--- Records to process Enclosed Below ---

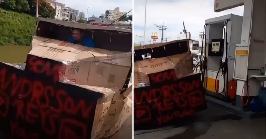 Andersson Reys, de 27 anos, é o morador de Brusque que viralizou nas redes sociais após ter sido flagrado circulando com uma réplica de caminhão feita de papelão. O flagrante aconteceu na terça-feira, 25, por diversos moradores da região.
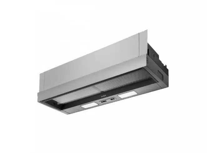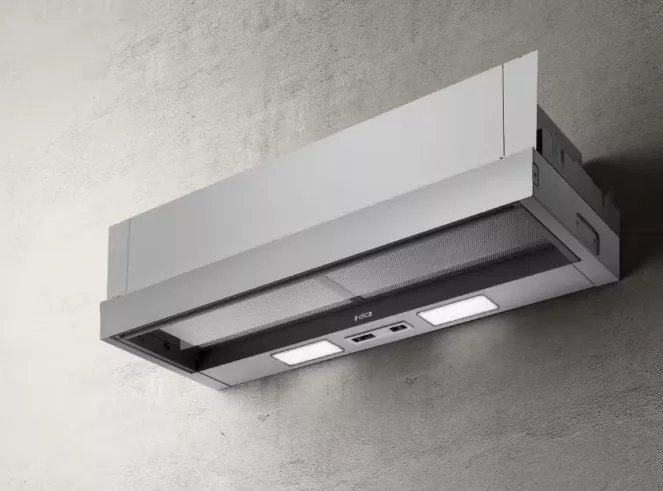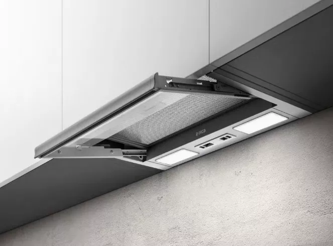 Конструкция является выдвижной: во время работы вы просто выдвигаете козырек, увеличивая площадь всасывания за счет технологии периметрального всасывания. Это не только повышает эффективность захвата загрязненного воздуха по краям, но и придает технике футуристичный вид. После окончания работы вытяжка компактно прячется в шкафу, экономя пространство и сохраняя эстетику кухни.
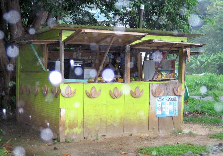 Roadside stand in the rain, where I bought bananas and mango
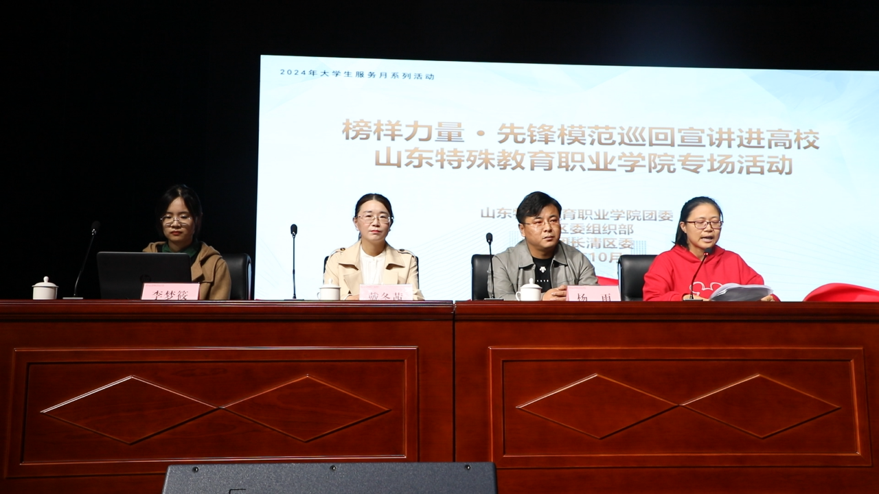 为进一步深化校地融合,深入挖掘并传播“身边的榜样”精神,10月21日下午,长清区委组织部、共青团长清区委联合学院团委举办的榜样力量·先锋模范巡回宣讲进高校活动在学院礼堂举行。活动特邀优秀选调生代表李梦筱、先锋模范代表(全国模范教师)戴冬茜及优秀党组织书记、党务工作者杨雨进行宣讲。学院五百余名师生代表聆听宣讲。
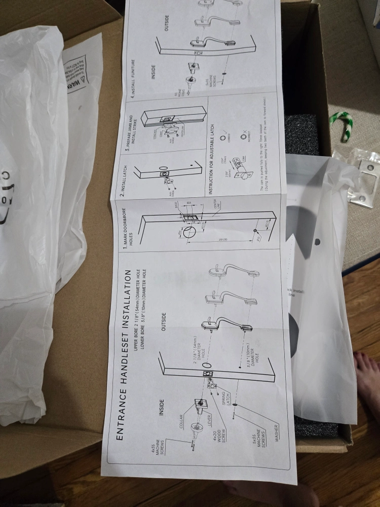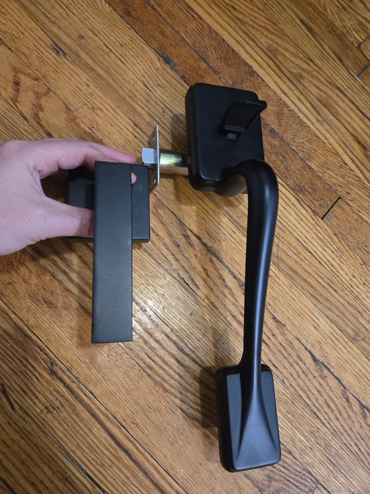 Single cylinder exterior door entry handle with door lever. Reversible for right and left sided doors. Includes all hardware and instructions. New in box.

--- End of Enclosed Records to process ---

**Work order:** Give again, word for word, every line from the top of the data through the line with "Roadside stand in", both ends included, and exclude the pictures.

**Response for this exercise:**
 Andersson Reys, de 27 anos, é o morador de Brusque que viralizou nas redes sociais após ter sido flagrado circulando com uma réplica de caminhão feita de papelão. O flagrante aconteceu na terça-feira, 25, por diversos moradores da região.
 Конструкция является выдвижной: во время работы вы просто выдвигаете козырек, увеличивая площадь всасывания за счет технологии периметрального всасывания. Это не только повышает эффективность захвата загрязненного воздуха по краям, но и придает технике футуристичный вид. После окончания работы вытяжка компактно прячется в шкафу, экономя пространство и сохраняя эстетику кухни.
 Roadside stand in the rain, where I bought bananas and mango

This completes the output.